§ Supplied entries
- Opening Delimiter -
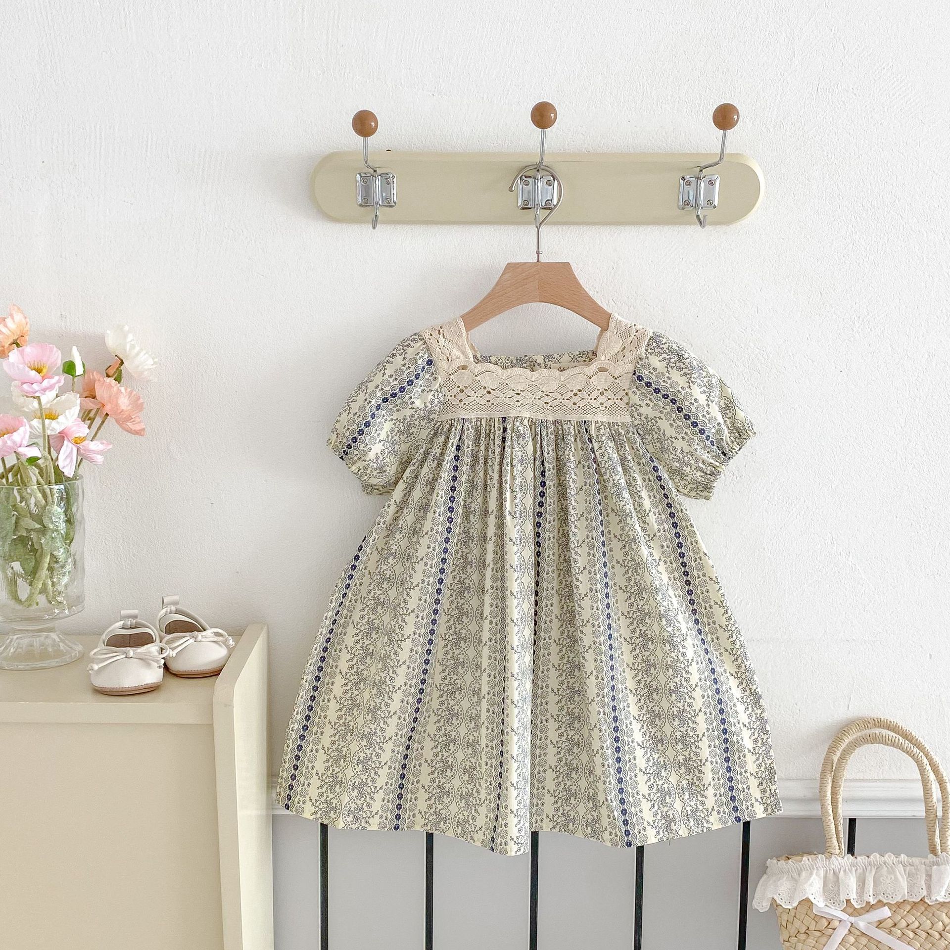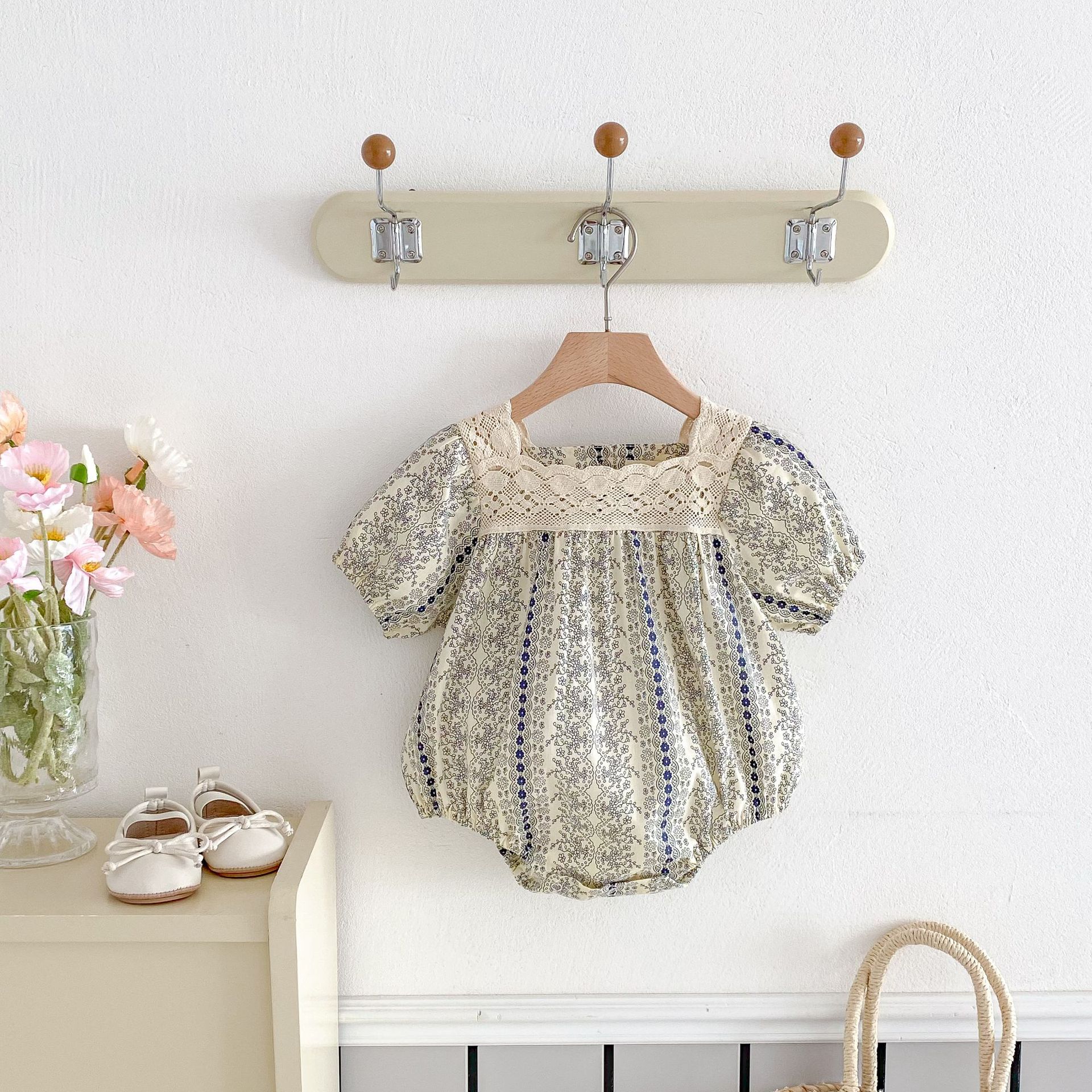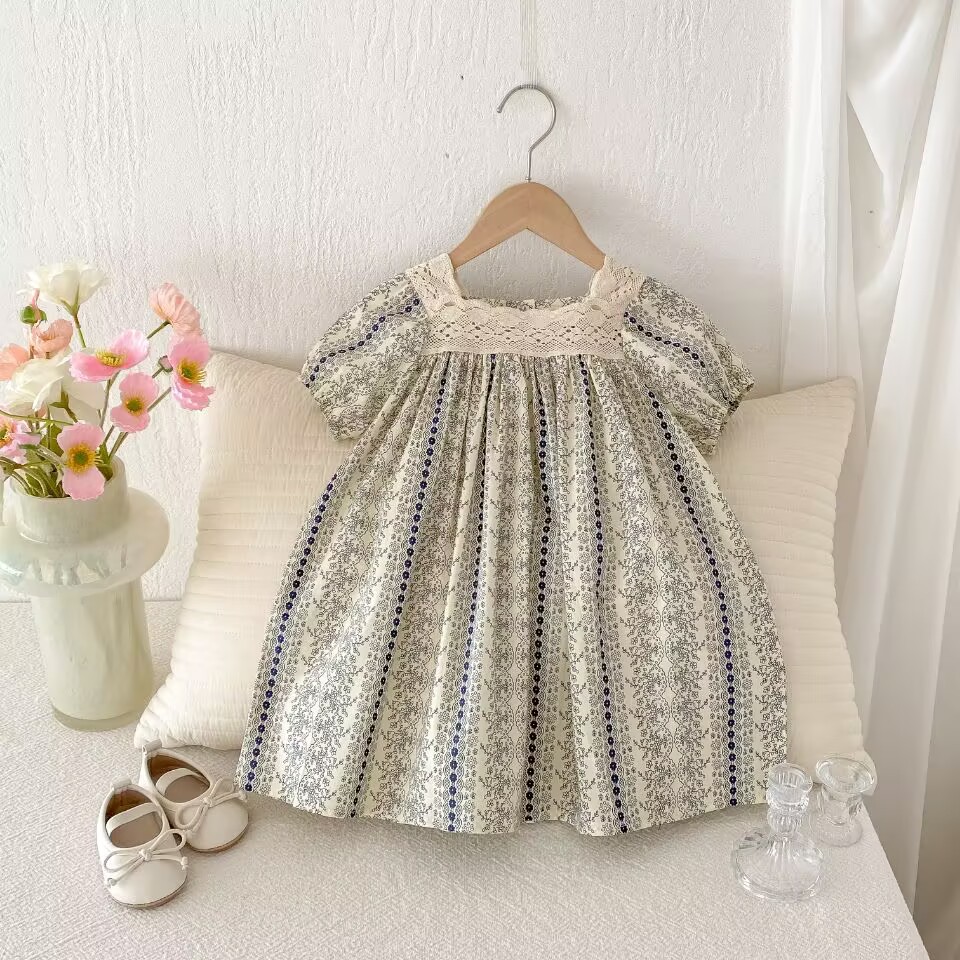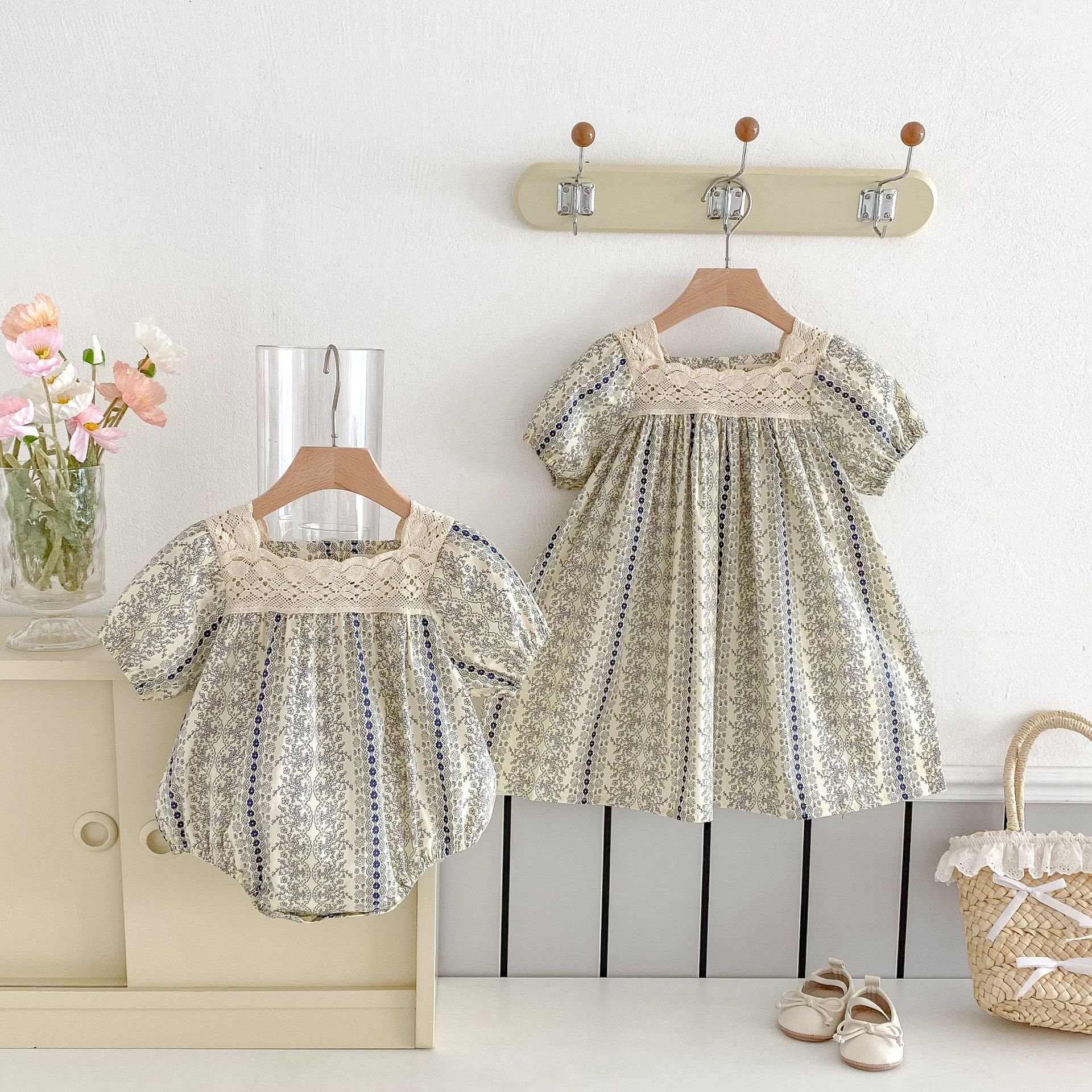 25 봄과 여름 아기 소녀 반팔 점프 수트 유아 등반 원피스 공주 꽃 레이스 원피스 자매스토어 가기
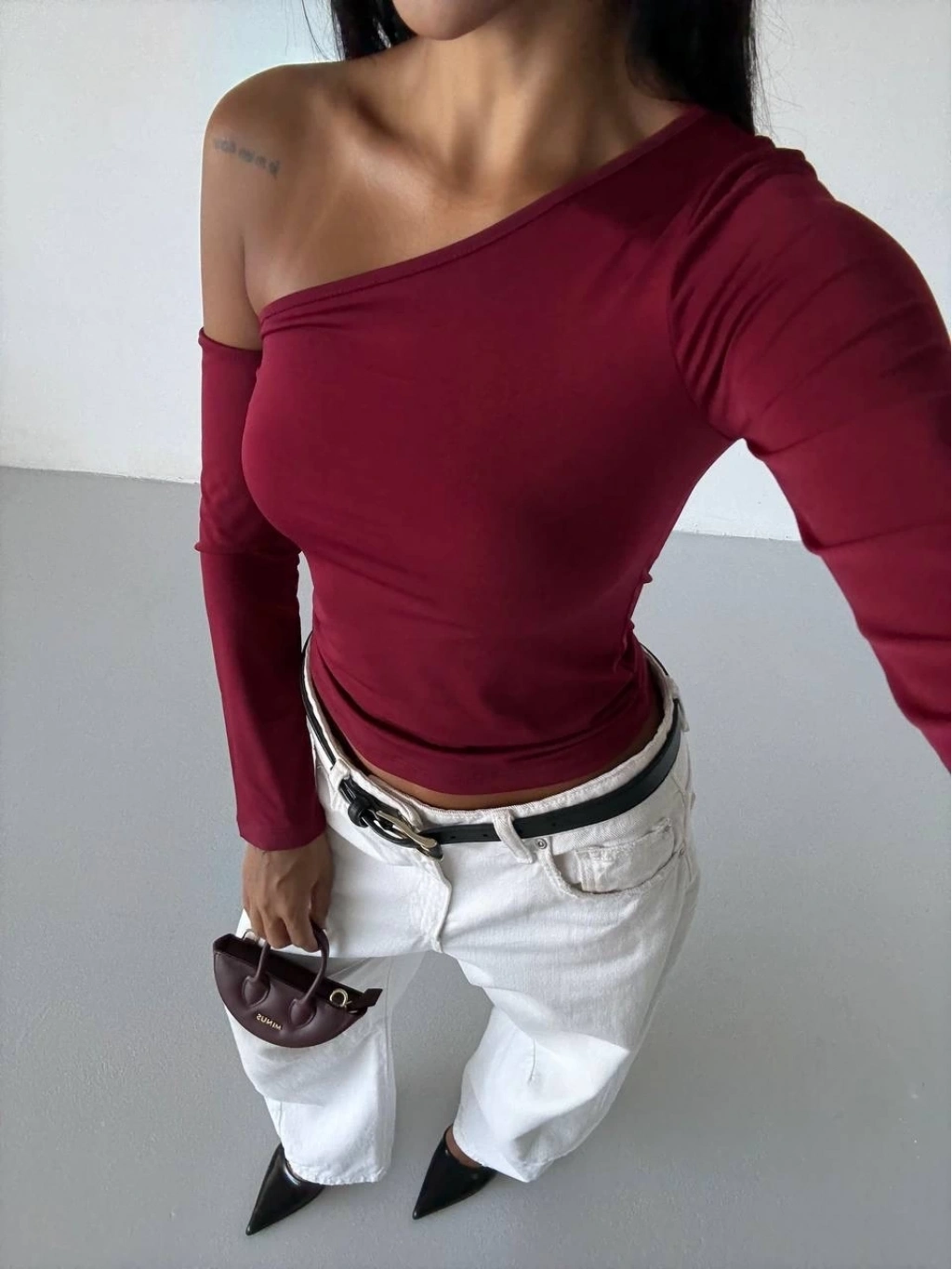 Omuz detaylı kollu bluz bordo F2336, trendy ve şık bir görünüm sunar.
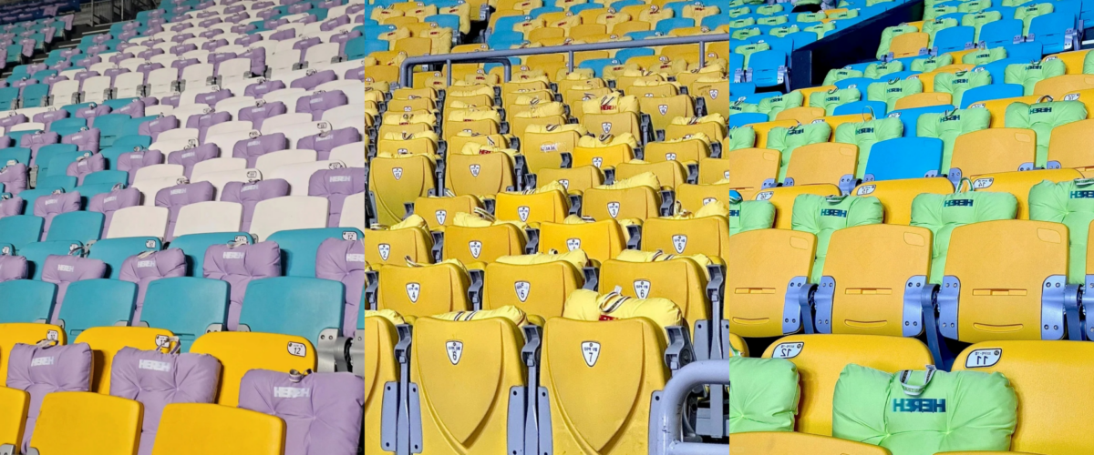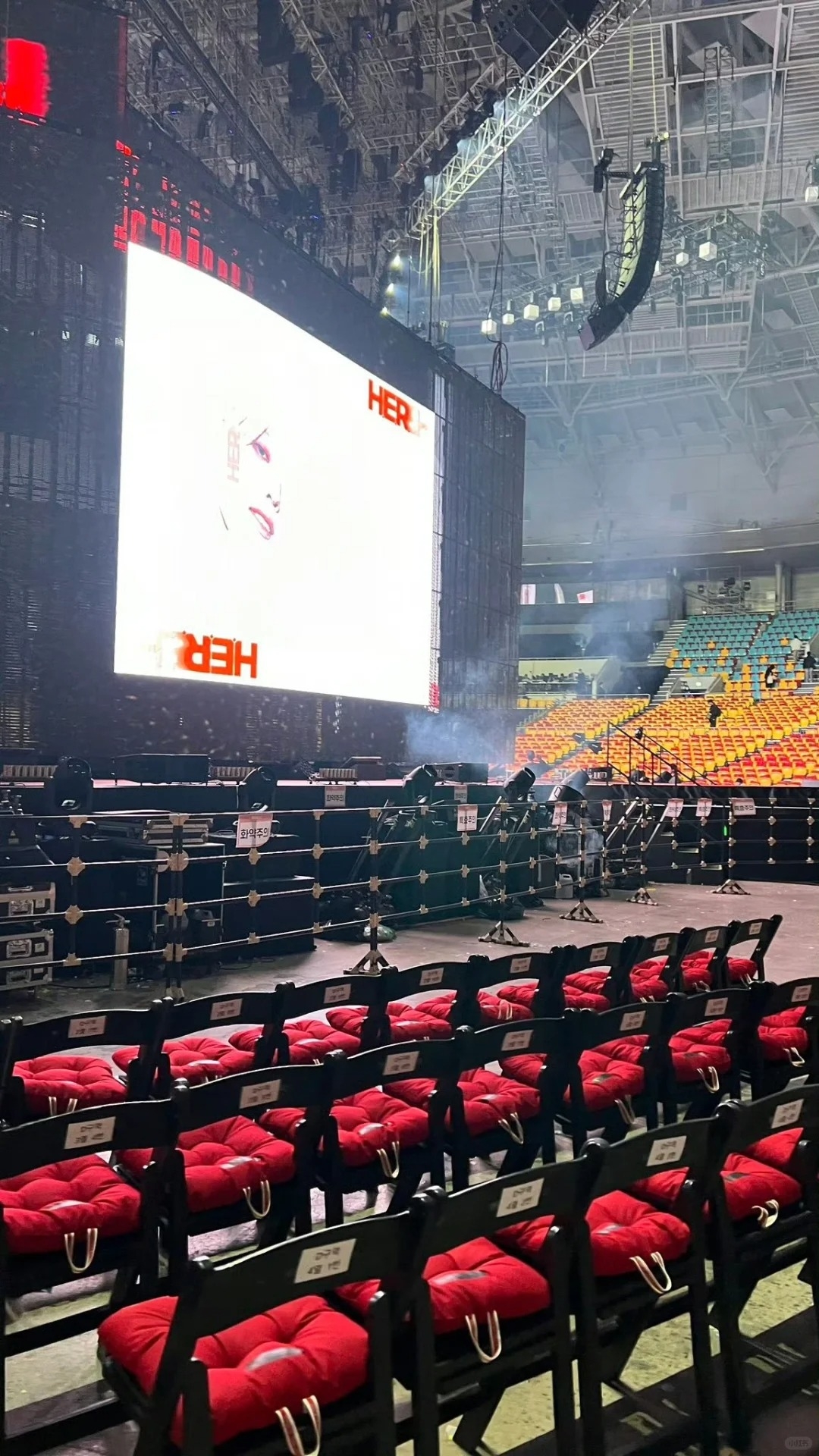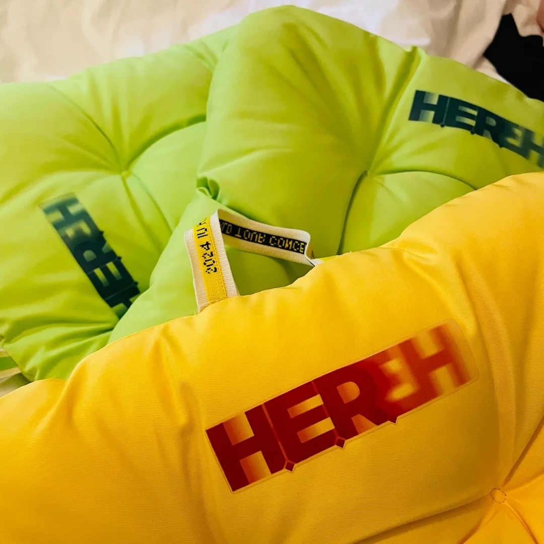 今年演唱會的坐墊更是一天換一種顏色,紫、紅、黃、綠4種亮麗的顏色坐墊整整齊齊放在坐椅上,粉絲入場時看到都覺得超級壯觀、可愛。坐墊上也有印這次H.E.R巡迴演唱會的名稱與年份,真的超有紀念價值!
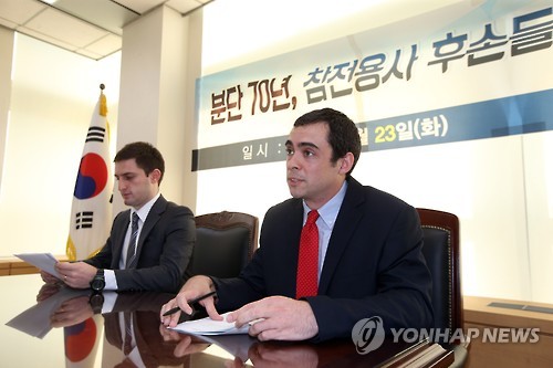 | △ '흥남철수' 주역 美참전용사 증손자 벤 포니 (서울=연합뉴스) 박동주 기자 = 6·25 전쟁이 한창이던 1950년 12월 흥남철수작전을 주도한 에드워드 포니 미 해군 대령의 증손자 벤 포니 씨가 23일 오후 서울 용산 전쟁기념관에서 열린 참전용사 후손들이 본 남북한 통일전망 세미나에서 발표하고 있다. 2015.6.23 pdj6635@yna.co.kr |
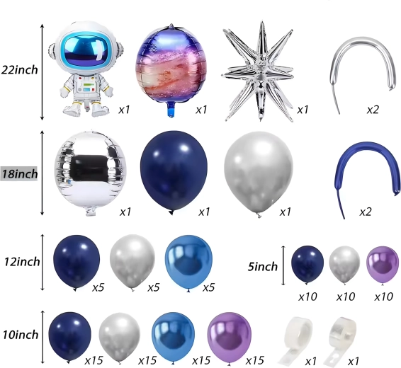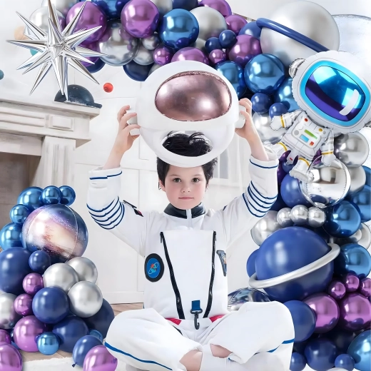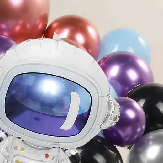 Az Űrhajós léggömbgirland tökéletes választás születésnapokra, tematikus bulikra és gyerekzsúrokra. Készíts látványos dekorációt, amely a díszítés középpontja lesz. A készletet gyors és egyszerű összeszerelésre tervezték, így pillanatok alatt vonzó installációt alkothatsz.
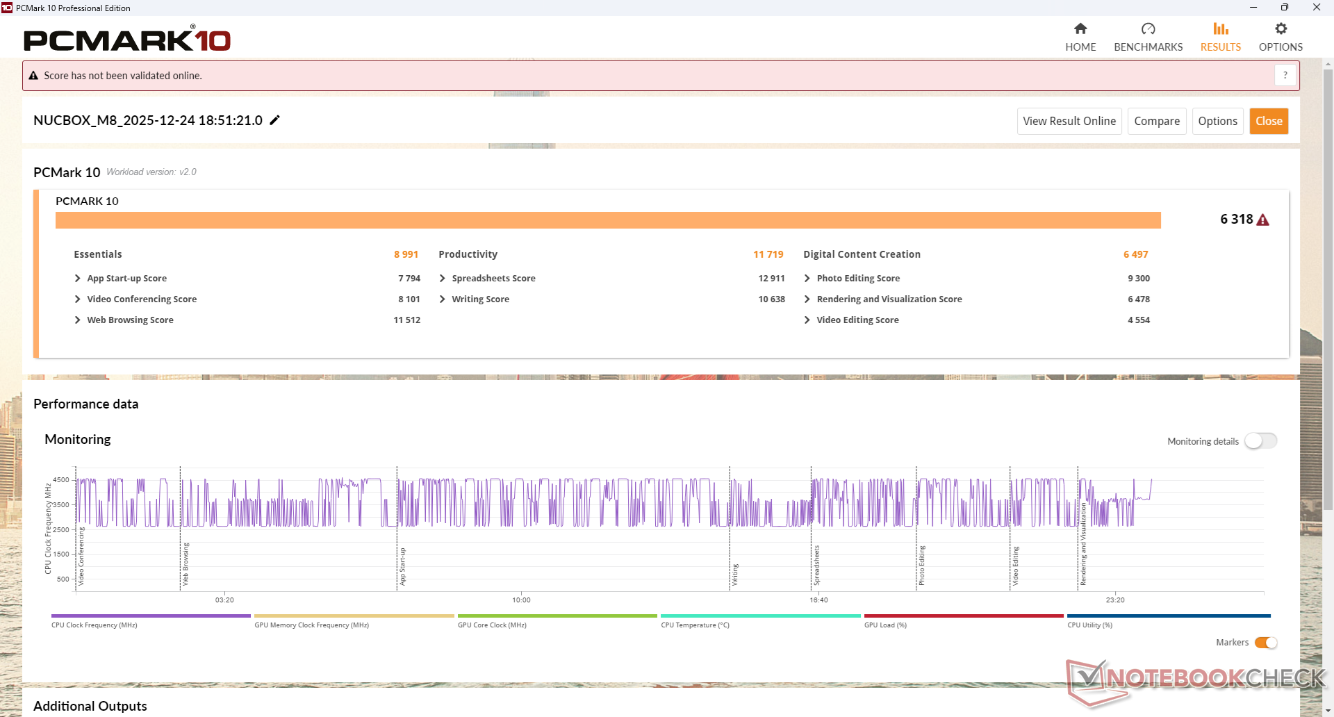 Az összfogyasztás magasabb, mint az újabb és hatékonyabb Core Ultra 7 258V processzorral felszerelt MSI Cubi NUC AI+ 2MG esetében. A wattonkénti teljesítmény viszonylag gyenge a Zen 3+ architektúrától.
- Closing Delimiter -
§ Brief
Within these entries, output exactly the lines starting at the one with "Omuz detaylı kollu" and finishing at the one with "今年演唱會的坐墊更是一天換一". Leave pictures out of the output.

§ Exercise output
 Omuz detaylı kollu bluz bordo F2336, trendy ve şık bir görünüm sunar.
 今年演唱會的坐墊更是一天換一種顏色,紫、紅、黃、綠4種亮麗的顏色坐墊整整齊齊放在坐椅上,粉絲入場時看到都覺得超級壯觀、可愛。坐墊上也有印這次H.E.R巡迴演唱會的名稱與年份,真的超有紀念價值!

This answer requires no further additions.